[DATA EXTRACT]:
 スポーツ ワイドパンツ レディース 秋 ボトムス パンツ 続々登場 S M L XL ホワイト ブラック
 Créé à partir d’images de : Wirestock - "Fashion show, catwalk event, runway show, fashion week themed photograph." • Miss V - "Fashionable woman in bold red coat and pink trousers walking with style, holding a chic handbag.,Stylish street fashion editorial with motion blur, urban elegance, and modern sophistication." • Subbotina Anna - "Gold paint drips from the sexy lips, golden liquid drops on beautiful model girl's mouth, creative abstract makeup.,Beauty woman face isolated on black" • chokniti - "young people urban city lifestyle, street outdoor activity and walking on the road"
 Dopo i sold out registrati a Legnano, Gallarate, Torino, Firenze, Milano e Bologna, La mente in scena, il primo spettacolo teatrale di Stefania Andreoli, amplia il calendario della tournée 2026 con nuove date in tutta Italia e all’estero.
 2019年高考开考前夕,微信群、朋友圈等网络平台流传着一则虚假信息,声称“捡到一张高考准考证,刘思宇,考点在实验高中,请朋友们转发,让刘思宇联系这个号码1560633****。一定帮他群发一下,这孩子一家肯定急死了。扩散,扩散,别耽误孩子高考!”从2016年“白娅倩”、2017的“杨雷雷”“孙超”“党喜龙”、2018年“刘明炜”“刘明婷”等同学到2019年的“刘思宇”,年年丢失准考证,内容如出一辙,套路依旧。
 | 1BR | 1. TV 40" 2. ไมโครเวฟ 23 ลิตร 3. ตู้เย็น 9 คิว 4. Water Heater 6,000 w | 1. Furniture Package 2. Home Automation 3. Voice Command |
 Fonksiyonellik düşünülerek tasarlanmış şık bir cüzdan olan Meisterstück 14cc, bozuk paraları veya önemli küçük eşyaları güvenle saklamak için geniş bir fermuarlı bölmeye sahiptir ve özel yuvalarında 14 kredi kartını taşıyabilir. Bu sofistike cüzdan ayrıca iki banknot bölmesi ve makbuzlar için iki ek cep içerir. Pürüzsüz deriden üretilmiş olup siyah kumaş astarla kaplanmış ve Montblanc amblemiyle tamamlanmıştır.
--
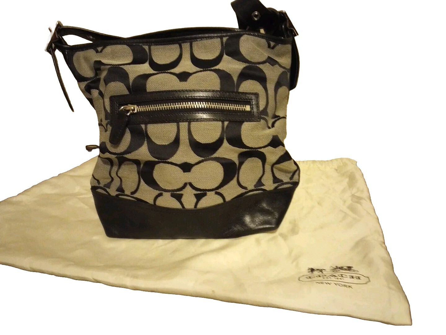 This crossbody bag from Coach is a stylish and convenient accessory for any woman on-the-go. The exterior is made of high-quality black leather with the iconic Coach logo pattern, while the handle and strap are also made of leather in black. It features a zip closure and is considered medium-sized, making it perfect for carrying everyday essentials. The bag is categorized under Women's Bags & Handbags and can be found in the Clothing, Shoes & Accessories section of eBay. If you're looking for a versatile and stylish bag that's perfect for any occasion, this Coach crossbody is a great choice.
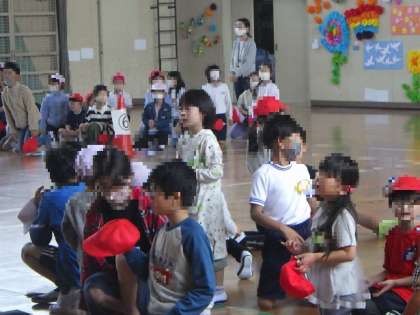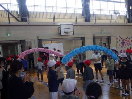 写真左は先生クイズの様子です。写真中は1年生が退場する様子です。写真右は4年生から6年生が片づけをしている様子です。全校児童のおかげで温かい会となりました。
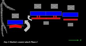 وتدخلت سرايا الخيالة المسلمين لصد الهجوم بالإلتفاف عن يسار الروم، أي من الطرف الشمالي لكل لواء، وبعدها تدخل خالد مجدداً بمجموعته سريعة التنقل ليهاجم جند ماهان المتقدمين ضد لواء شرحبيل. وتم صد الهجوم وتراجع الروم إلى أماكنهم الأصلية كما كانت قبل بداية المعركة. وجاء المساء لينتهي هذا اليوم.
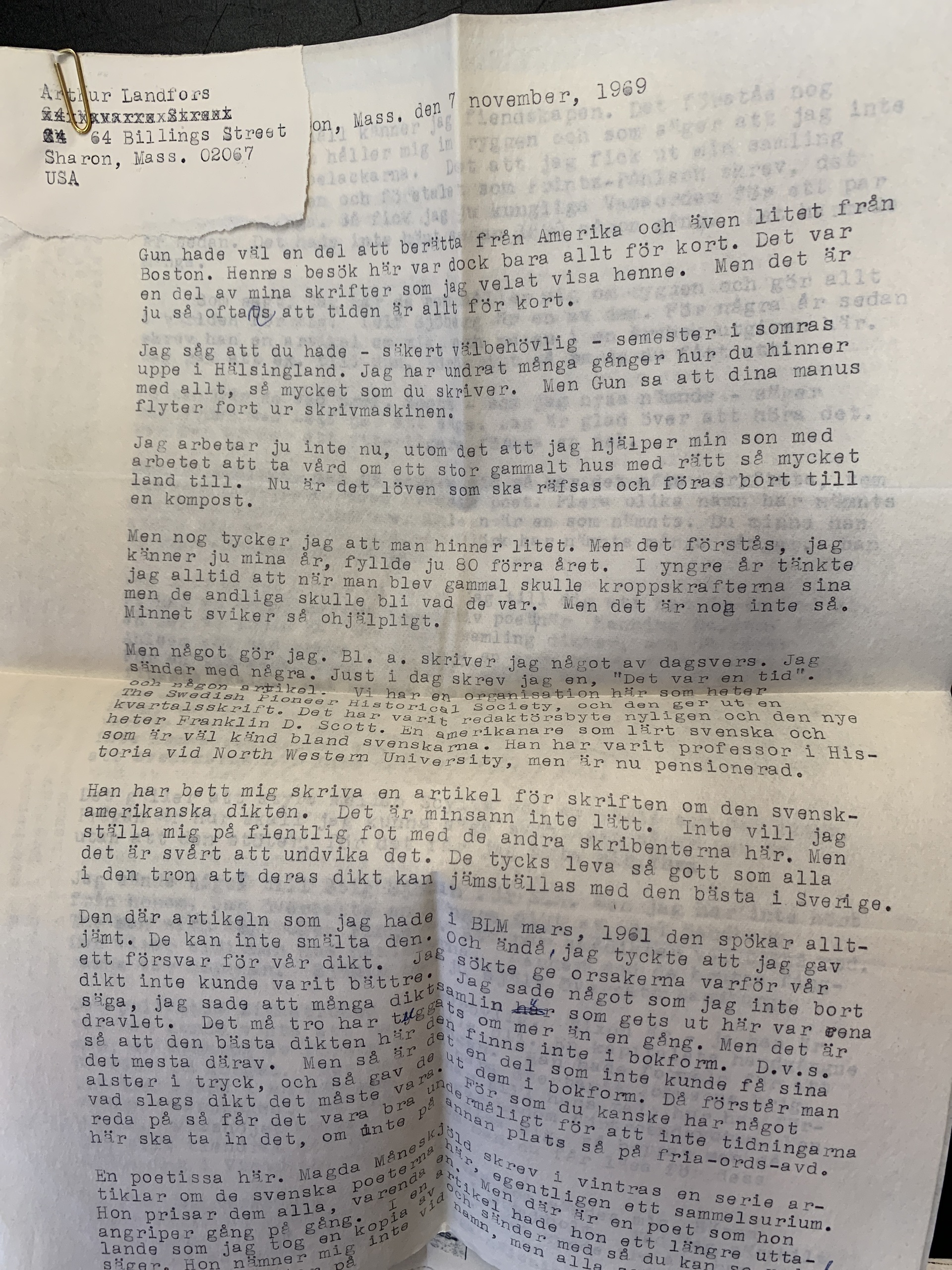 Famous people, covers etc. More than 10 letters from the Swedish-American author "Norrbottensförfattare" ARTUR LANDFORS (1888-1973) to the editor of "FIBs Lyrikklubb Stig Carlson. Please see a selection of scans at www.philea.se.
---
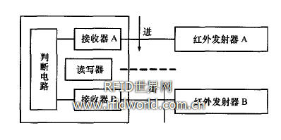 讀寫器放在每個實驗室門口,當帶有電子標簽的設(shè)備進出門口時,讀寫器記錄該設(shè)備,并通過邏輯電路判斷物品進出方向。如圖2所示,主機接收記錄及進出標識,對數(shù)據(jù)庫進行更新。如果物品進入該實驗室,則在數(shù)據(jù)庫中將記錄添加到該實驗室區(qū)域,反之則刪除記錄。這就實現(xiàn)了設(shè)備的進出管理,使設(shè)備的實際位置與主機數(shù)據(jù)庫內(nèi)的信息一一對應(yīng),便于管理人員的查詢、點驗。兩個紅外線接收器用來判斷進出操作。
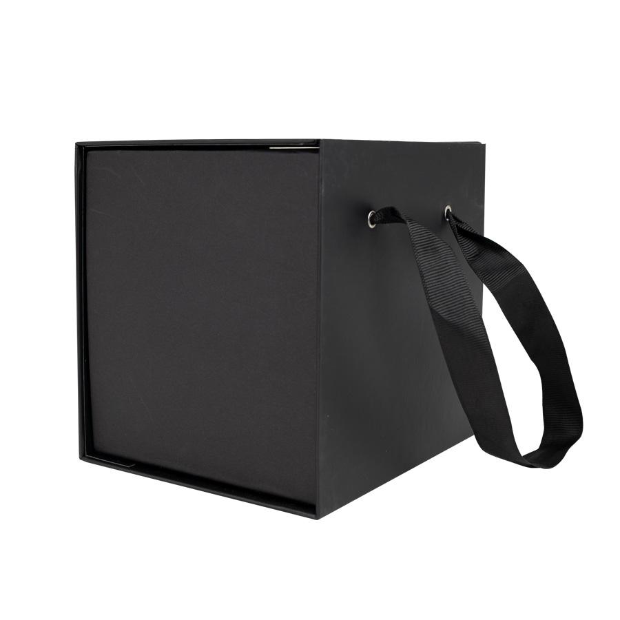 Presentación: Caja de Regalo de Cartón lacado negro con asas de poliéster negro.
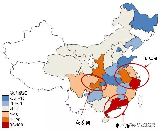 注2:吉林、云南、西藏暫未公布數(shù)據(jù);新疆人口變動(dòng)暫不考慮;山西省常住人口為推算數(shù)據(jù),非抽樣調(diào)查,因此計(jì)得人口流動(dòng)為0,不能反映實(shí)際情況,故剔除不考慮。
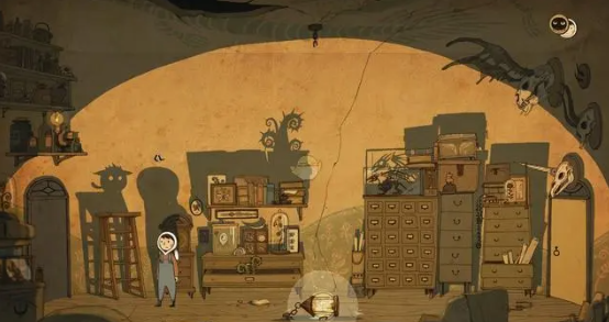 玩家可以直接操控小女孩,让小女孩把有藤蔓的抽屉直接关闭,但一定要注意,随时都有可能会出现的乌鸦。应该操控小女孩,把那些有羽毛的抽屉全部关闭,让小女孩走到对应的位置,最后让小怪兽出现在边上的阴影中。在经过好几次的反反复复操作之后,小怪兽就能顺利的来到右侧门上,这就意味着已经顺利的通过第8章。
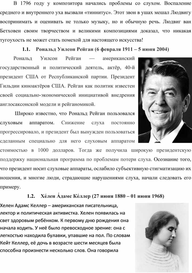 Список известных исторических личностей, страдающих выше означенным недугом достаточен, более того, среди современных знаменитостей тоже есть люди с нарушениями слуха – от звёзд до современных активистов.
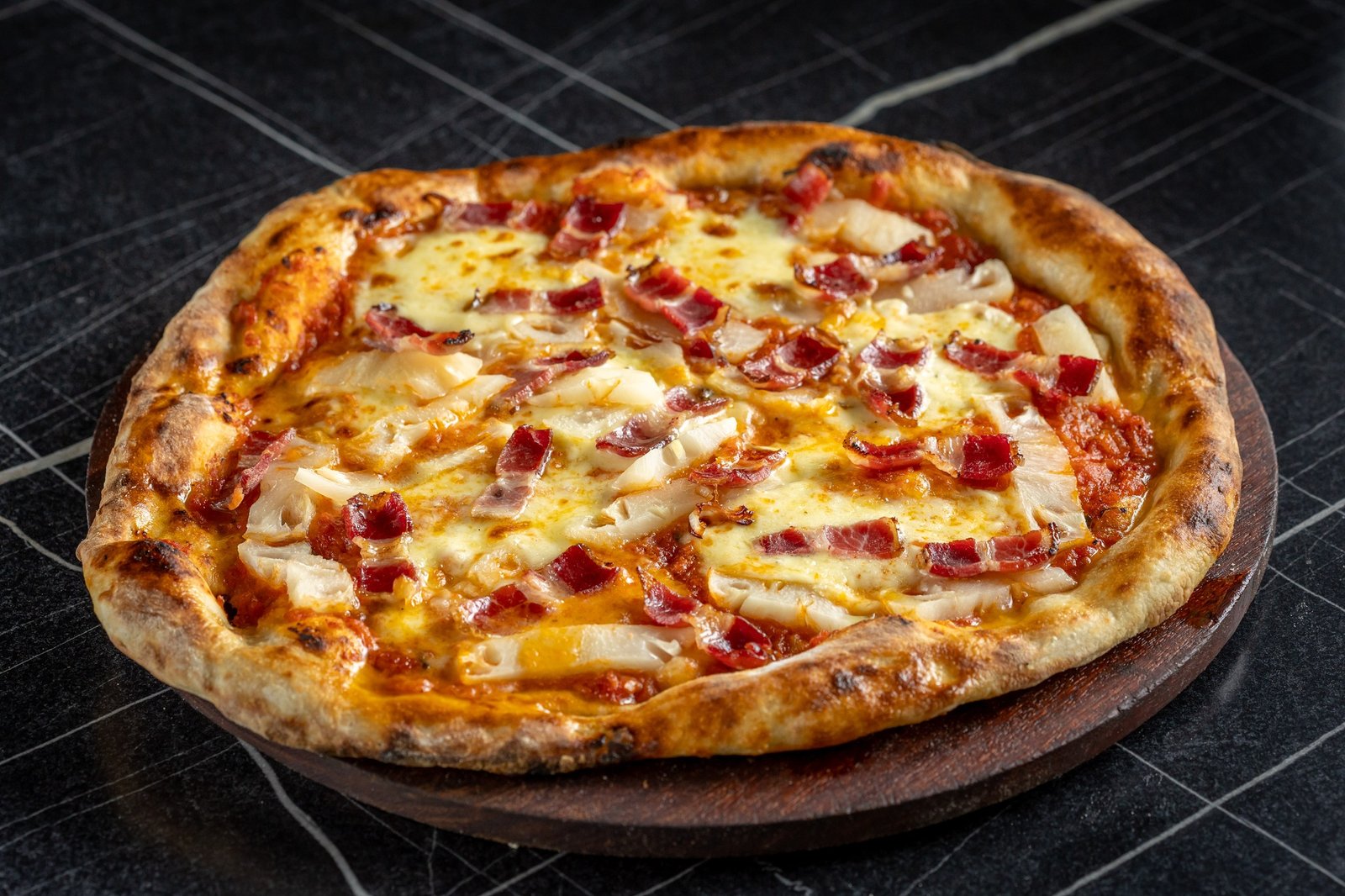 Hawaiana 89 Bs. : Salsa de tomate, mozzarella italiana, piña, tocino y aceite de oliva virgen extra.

[PROBLEM REQUIREMENTS]: Within the listing above, print exactly the stretch beginning at the line that contains "玩家可以直接操控小女孩,让小" and finishing at the line that contains "Hawaiana 89 Bs.", ends kept, pictures left out, and nothing more.

[RESULT FOR THIS TASK]:
 玩家可以直接操控小女孩,让小女孩把有藤蔓的抽屉直接关闭,但一定要注意,随时都有可能会出现的乌鸦。应该操控小女孩,把那些有羽毛的抽屉全部关闭,让小女孩走到对应的位置,最后让小怪兽出现在边上的阴影中。在经过好几次的反反复复操作之后,小怪兽就能顺利的来到右侧门上,这就意味着已经顺利的通过第8章。
 Список известных исторических личностей, страдающих выше означенным недугом достаточен, более того, среди современных знаменитостей тоже есть люди с нарушениями слуха – от звёзд до современных активистов.
 Hawaiana 89 Bs. : Salsa de tomate, mozzarella italiana, piña, tocino y aceite de oliva virgen extra.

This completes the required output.